Tri Dao, et al., with their combined research / expertise & very good understanding in:

have shown Mechanical Sympathy to extract the best out of NVIDIA Ampere GPU hardware architecture.


  • Implementing matmul of 4096x4096 in C and changing loop order provides 461% improvement in GFLOPS utilization compared to C implementation with inefficient loop order. This is done purely by exploiting CPU cache line behavior.

  • P99 latency % improvement when comparing Disruptor against ArrayBlockingQueue is 99% & enabled LMAX Exchange to handle 6M order matching engine TPS on a single machine. This is done primarily by using granular inter-thread messaging allowing concurrent read and writes to buffer, and efficient use of CPU cache line.

  • FlashAttention trains Transformers faster than existing baselines: 15% end-to-end wall-clock speedup on BERT-large (seq. length 512) compared to the MLPerf 1.1 training speed record, 3× speedup on GPT-2 (seq. length 1K), and 2.4× speedup on long-range arena (seq. length 1K-4K)

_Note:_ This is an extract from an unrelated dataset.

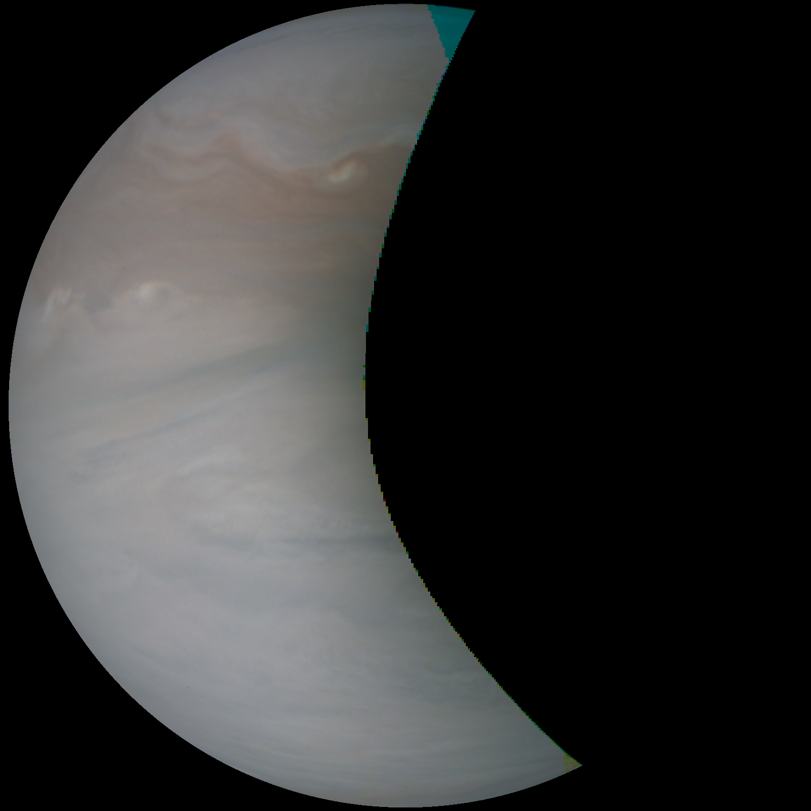 Junocam pixels are 12 bits deep from the camera but are converted to 8 bits inside the instrument using a lossless "companding" table, a process similar to gamma correction, to reduce their size. All Junocam products on the missionjuno website are in this 8-bit form as received on Earth. Scientific users interested in radiometric analysis should use the "RDR" data products archived with the Planetary Data System, which have been converted back to a linear 12-bit scale.

In this post, we saw examples of Mechanical Sympathy being applied in wide range of problems requiring different skill-sets and expertise with real world impact.

Deep Learning space is still in its nascent phase. People with expertise in several background (Data Engineering, Model Training, Deep Learning Algorithms, Compiler, Hardware Interface - CPUs, GPUs, Accelerators, Model Inference, Distributed Systems, Infrastructure, Mathematics, Physics, Chemistry) are all working within their domain and rightfully so. Current cost of training & inference for quality models is prohibitively high. Given how LLMs are going to be human companions like a Laptop and a smartphone, several optimizations will be required and some of which will be solved by engineers having very good understanding of underlying hardware and architecture.

It's interesting that FlashAttention 1 was done in 2-3 months. In 2023, they've also published Flash Attention 2 with better parallelism and work partitioning (efficient use of CUDA thread blocks & warps) resulting in optimizations primarily in compute bound regime. I cannot imagine the breakthroughs we would see - If more DeepLearning / Transformer algorithm experts/researchers and CUDA Architects like Stephen Jones, work on optimizing existing layers and algorithms for couple years or so. I'm highlighting CUDA here as NVIDIA is the market leader. Intel, AMD, and other transformer accelerators' computing platform teams should also be spending more effort on optimizing model implementations for their respective hardware.